In addition to their physiological roles, HSPGs have been implicated in the pathogenesis of various diseases, including cancer (32), inflammation, and infectious diseases. Altered expression and function of HSPGs have been observed in various cancers, which is thought to regulate tumor growth, angiogenesis, invasion, and metastasis. In inflammatory diseases, HSPGs participate in processes by facilitating the recruitment of immune cells to the site of inflammation and cell adhesion and migration. Additionally, HSPGs can regulate immune response directly (33).

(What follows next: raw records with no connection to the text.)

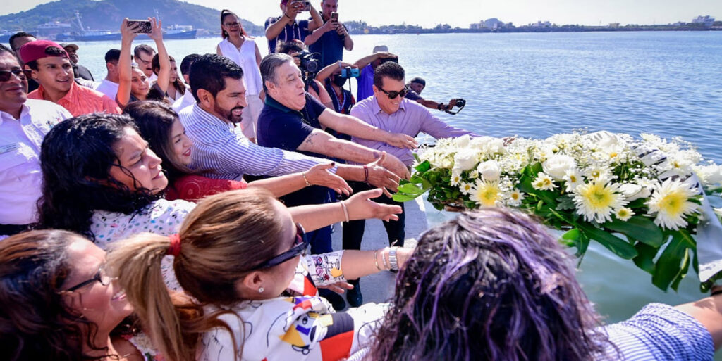 Los miembros del presidium depositaron la ofrenda florar al pie de la virgen de La Puntilla, posteriormente la ofrenda se lanzó al mar en honor a todos los pescadores que han perdido la vida en el mar.
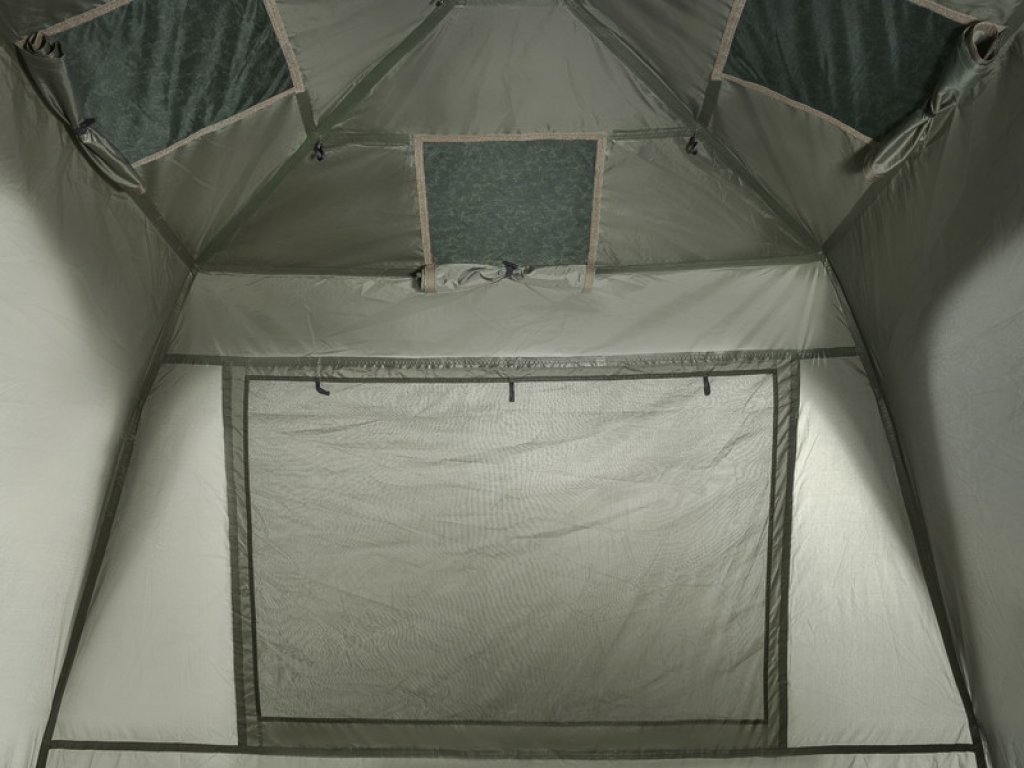 Ako tražite šator s mnogo prostora i udobnošću primjerenom kralju, trebali biste odabrati ništa drugo nego CUBICON AirSPACE C2G. Ovaj model ima stabilnu, djelomično teleskopsku strukturu, dizajniranu za najjednostavnije i najbrže postavljanje. To je obično glavni problem kod velikih šatora, postavljanje oduzima puno vremena, a gotovo je nemoguće to napraviti sam. S CUBICON-om, međutim, nema razloga za brigu, čak ga i brucoš može postaviti za nekoliko minuta. Ali ovaj šator ima više nego što se čini na prvi pogled. Transportne dimenzije sigurno će vas iznenaditi kada usporedite mjere postavljenog i sklopljenog šatorsa. Zato je pogodan i za duga i za kratka putovanja. Satori je dovoljno velik da u njega stanu dva kreveta, a opet ima dovoljno mjesta za kretanje, za vaše torbe i sve što vam je potrebno za ugodan boravak uz vodu. Unutrašnji prostor po potrebi može primiti čak tri kreveta, ali CUBICON nije zamišljen da služi samo kao “spavaća soba”. Baš suprotno! Zbog svoje visine (190 cm) i prostranog interijera, može se koristiti kao dnevno sklonište ili kao prostor za kuhanje. Stoga je svestrano sklonište, a samo na vama je kako ćete ga koristiti. Još jedna velika prednost je razrađen sustav ventilacije koji se sastoji od nekoliko prozora i poklopca. Na prednjoj i stražnjoj ploči postavljen je prostrani komarnik, a četiri manja prozora su direktno na stropu šatora. Na taj način zrak može strujati unutra kada ne možete prozračiti cijeli bivak pomoću velikih prozora. Sigurno ćete ga cijeniti noću, kada će pomoći u smanjenju kondenzacije na unutarnjim stijenkama. Dodatnu zaštitu od sunca i kiše pruža kapuljača iznad ulaza. Krov je pričvršćen za cijelu konstrukciju brojnim kopčama kako bi se izbjeglo nepotrebno pomicanje zbog vjetra. CUBICON također ima 4 stabilizirajuća užeta i klinove uključene u paket, te standardni pod fiksiran kvalitetnim patentnim zatvaračem na cif. Nema više prljavštine ili neželjenih posjeta glodavaca!
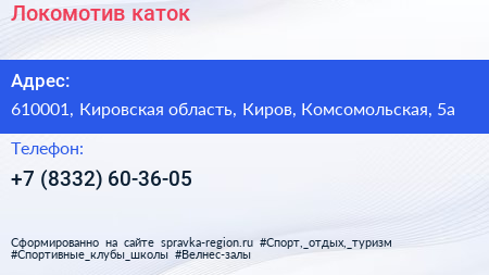 Локомотив, каток по адресу 610001, Кировская область, Киров, Комсомольская, 5а в дальнейшем Организация, размещена в следующих категориях:
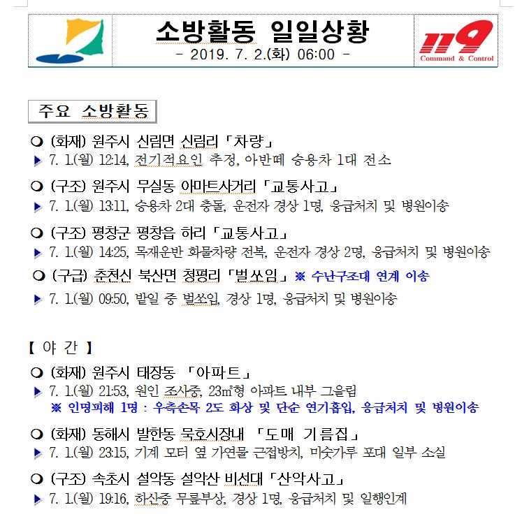소방활동 일일상황(7. 2. 화) 06:00
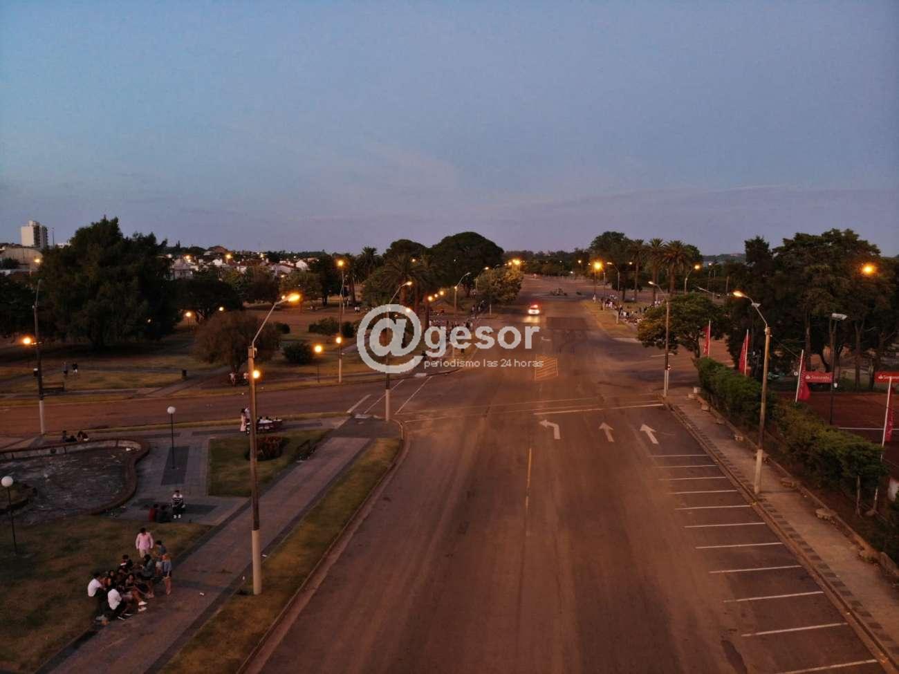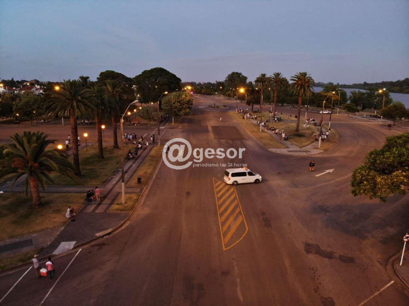 Paralelamente el incesar pasaje de móviles policiales quedó reducido básicamente a esta hora al del GRT y motos, con un recorrido mucho más acotado en parte De la Ribera, mientras que en la zona vehicular el movimiento era prácticamente nulo.

In infectious diseases, HSPGs can often serve as a recruiting factor to facilitate viral attachment to the cell surface. Indeed, recent studies suggested that the interaction between the Spike protein and ACE2 alone is not sufficient for efficient entry of SARS-CoV-2. Instead, the virus appears to use HSPGs as a co-receptor (3, 34–36), which uses the HS polysaccharide chains to interact with the spike protein primarily through the receptor-binding domain (RBD). This interaction has been shown to be essential for viral attachment and entry, particularly in cells that express low levels of ACE2 (35, 37, 38) (Figure 2).

Figure 2. Mechanism of HSPG co-factor in SARS-CoV-2 infection. HSPG initially causes accumulation of SARS-CoV-2 at the cell surface due to binding of SARS-COV-2 spike and HSPG. HSPG binding triggers a conformational change that leads to the “open” confirmation necessary for spike-ACE2 binding. Spike-ACE2 binding will either lead to cellular entry through endocytosis or cleavage of spike at the cell surface by TMRPSS2 which leads to cellular entry through direct membrane fusion.

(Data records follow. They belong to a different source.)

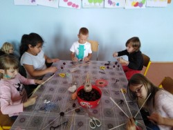 pod dohledem. Také jsme procvičovali jemnou motoriku, když jsme obmotávali
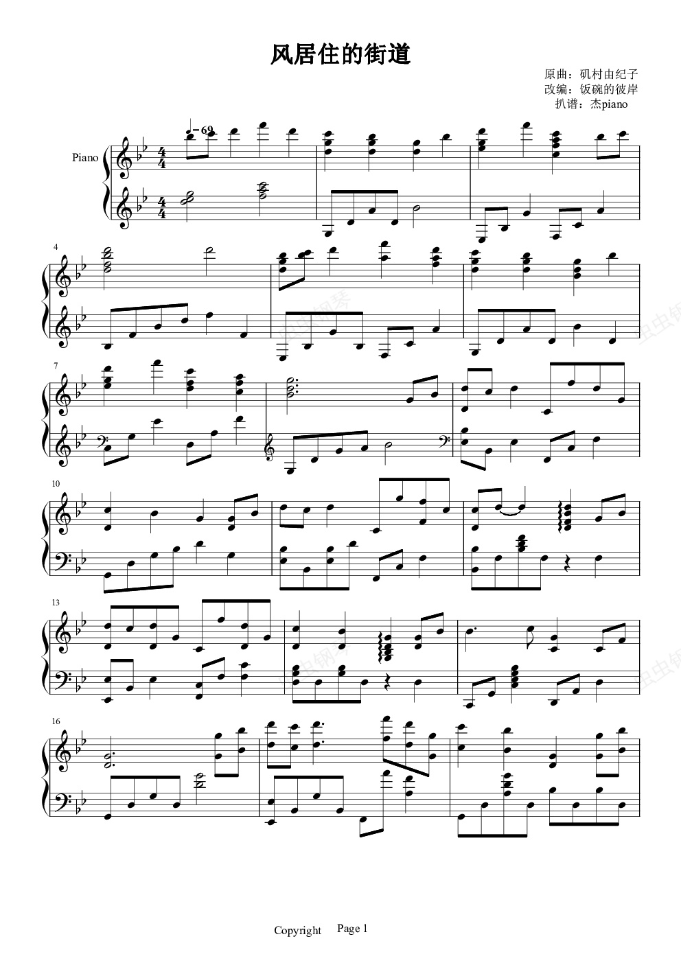 钢琴谱:风居住的街道 - 饭碗的彼岸版
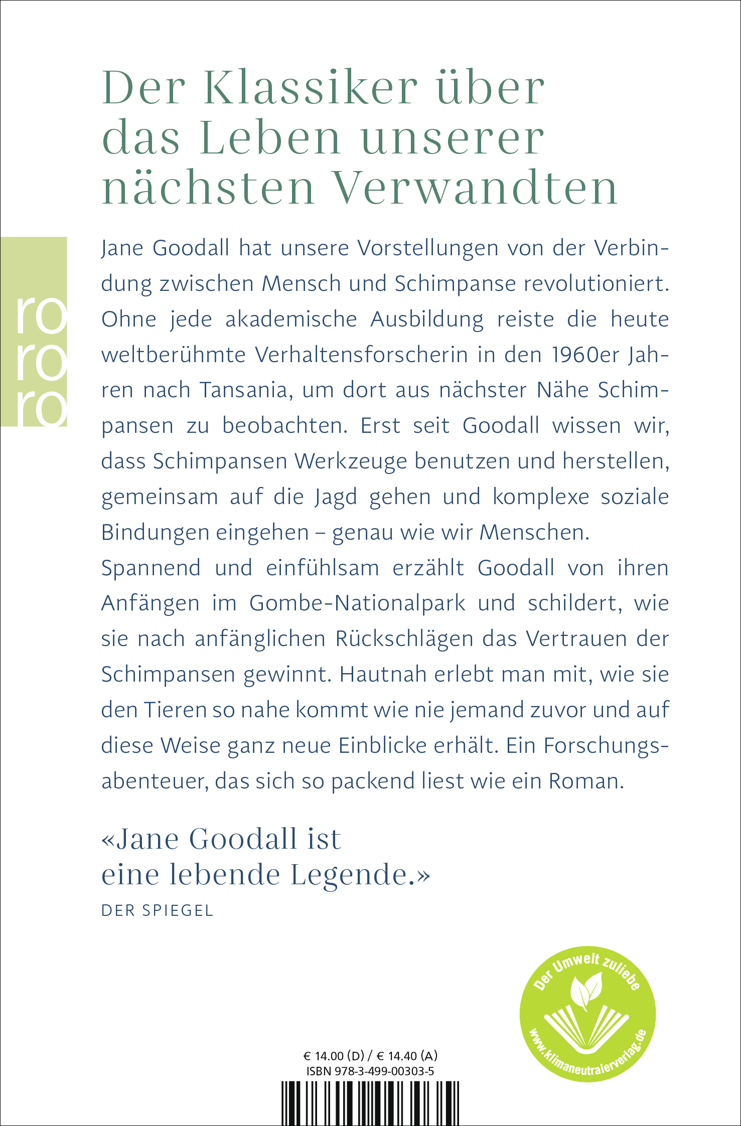 Jane Goodall wurde am 3. April 1934 in England geboren. 1957 reiste sie zum ersten Mal nach Afrika und begann ab 1960, das Verhalten wildlebender Schimpansen im Gombe-Nationalpark in Tansania zu untersuchen. 1965 promovierte sie an der Universität in Cambridge zum Thema Verhaltensbiologie. Für ihre bahnbrechenden Erkenntnisse über das Leben der Schimpansen erhielt sie viele Preise und Orden, wurde 2004 von der Queen geadelt und ist UN-Friedensbotschafterin. Sie ist Gründerin des Jane Goodall Institute, einer internationalen Tier- und Umweltschutzorganisation, und begeistert mit dem "Roots & Shoots"-Programm auch Kinder und Jugendliche für ein ökologisches Engagement. Ihre Bücher über Verhaltensforschung und und ihre Kinderbücher wurden in zahlreiche Sprachen übersetzt. Wenn sie nicht auf Vortragsreisen ist, lebt Jane Goodall heute im englischen Bournemouth.
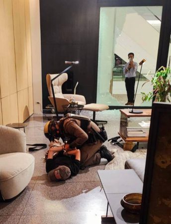 ขณะที่คนร้ายแต่งกายมิดชิด สวมหมวกแก๊บเดินถือปืนอยู่ในห้าง เจ้าหน้าที่ตำรวจและเจ้าหน้าที่ที่เกี่ยวข้องสามารถควบคุมสถานการณ์ได้แล้ว โดยเบื้องต้นมีผู้บาดเจ็บ 3 ราย เป็นเจ้าหน้าที่ รปภ.ของห้าง ถูกนำตัวส่ง รพ.หัวเฉียว ส่วนอีก 2 ราย ถูกนำตัวส่งโรงพยาบาลใกล้เคียง
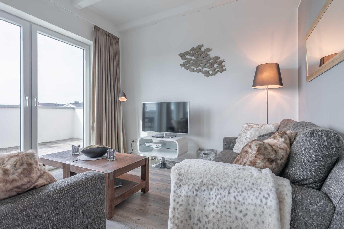 Dachgeschoss der Residenz Seestern. Im Wohnraum finden Sie eine zweiteilige

In addition to enhancing viral attachment to cells, HSPGs may also regulate the conformational change of the spike during viral entry. The spike protein contains 22 N-linked glycans per protomer, which form a glycan shield around much of the protein and help to mask antigenic sites for immune evasion (39). These glycans may also help to drive a conformational change in favor of an open state in the spike protein, a process that may involve HSPGs. Multiple studies have shown that the predicted HS binding site on RBD overlaps significantly with the RBD binding site for N-glycan at N165, which suggests that HSPGs may stabilize RBD in the open conformation (39–43).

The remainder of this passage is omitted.